Task to carry out: Below is a listing; retype exactly the lines between the one containing "скриншот карточки исполнения" and the one containing "2月17日(金)の午後、体育", inclusive, minus the pictures.

Task inputs:

<<<<

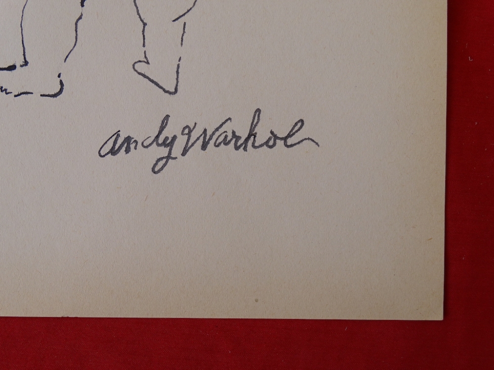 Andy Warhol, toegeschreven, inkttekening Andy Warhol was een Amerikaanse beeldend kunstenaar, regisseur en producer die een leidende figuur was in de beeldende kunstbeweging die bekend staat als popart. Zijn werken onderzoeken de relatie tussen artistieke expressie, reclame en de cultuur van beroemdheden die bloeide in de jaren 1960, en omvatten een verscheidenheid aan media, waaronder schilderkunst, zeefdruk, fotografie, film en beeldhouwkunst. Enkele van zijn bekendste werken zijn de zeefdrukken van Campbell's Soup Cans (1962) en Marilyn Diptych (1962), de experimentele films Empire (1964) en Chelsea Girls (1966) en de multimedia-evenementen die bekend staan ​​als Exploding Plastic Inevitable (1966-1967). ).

>>>>
<<<<

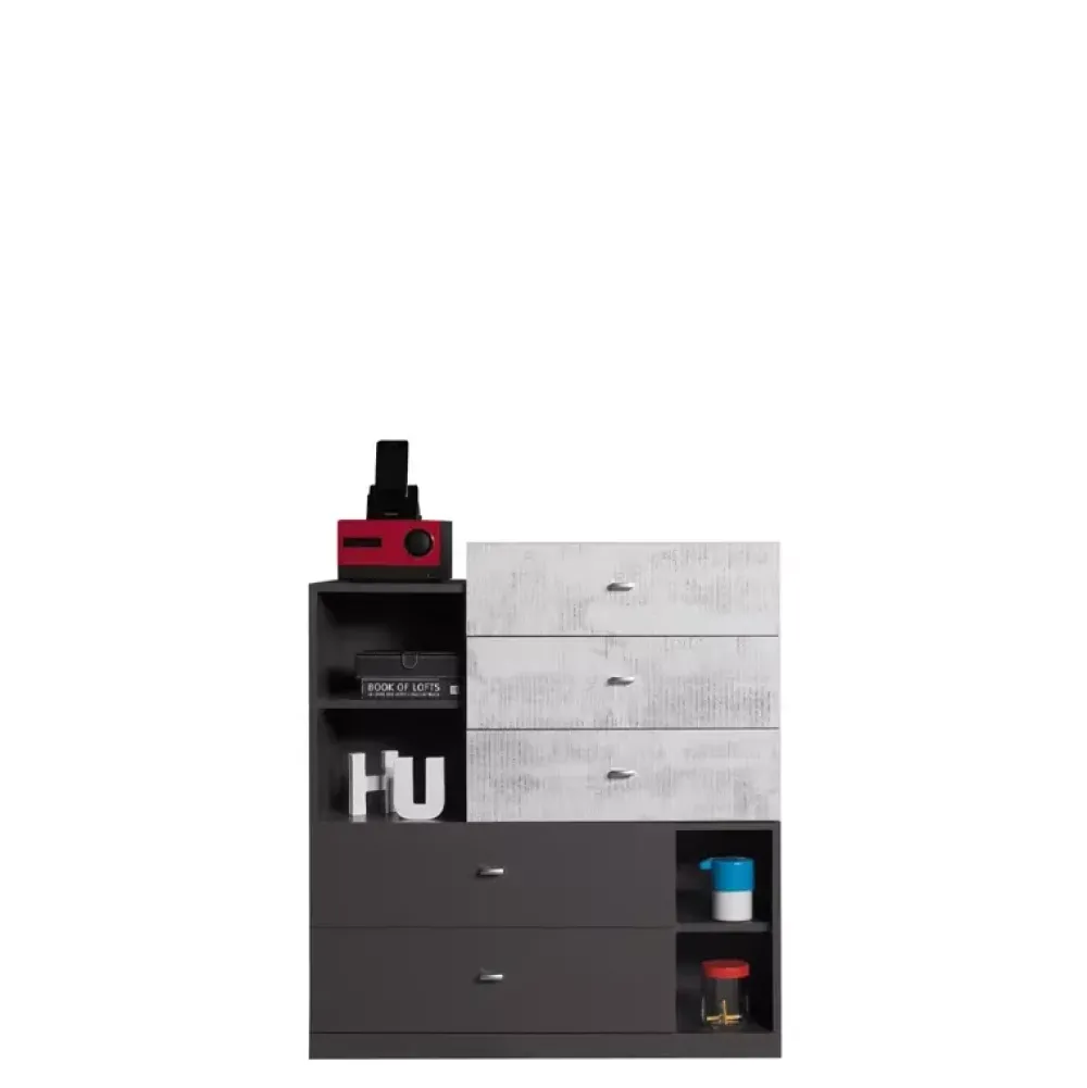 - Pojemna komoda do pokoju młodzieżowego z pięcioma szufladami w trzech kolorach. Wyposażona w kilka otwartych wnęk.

>>>>
<<<<

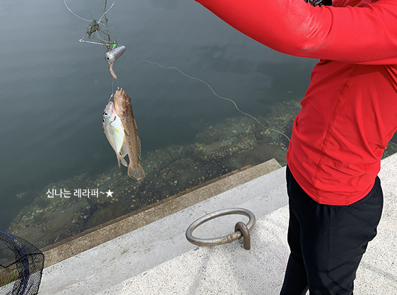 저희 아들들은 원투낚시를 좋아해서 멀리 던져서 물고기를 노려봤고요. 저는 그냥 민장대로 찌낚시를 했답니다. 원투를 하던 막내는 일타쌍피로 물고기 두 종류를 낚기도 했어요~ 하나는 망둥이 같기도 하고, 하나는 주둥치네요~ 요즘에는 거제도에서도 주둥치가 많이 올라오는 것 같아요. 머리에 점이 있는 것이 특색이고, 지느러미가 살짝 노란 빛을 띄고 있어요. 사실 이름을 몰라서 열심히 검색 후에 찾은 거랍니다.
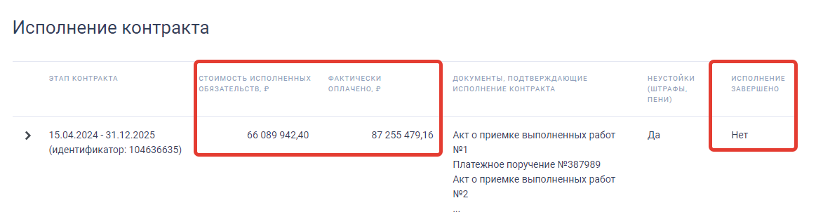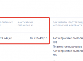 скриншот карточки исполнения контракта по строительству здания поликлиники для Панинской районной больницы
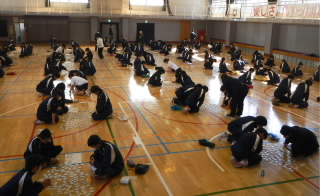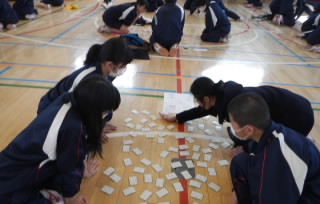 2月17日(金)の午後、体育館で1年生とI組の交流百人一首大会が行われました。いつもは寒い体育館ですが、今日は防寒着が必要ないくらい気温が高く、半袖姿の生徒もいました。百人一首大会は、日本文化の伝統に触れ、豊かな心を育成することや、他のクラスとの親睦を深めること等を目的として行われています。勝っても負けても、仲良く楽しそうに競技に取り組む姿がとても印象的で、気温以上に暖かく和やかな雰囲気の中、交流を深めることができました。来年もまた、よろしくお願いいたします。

>>>>

Result:
 скриншот карточки исполнения контракта по строительству здания поликлиники для Панинской районной больницы
 2月17日(金)の午後、体育館で1年生とI組の交流百人一首大会が行われました。いつもは寒い体育館ですが、今日は防寒着が必要ないくらい気温が高く、半袖姿の生徒もいました。百人一首大会は、日本文化の伝統に触れ、豊かな心を育成することや、他のクラスとの親睦を深めること等を目的として行われています。勝っても負けても、仲良く楽しそうに競技に取り組む姿がとても印象的で、気温以上に暖かく和やかな雰囲気の中、交流を深めることができました。来年もまた、よろしくお願いいたします。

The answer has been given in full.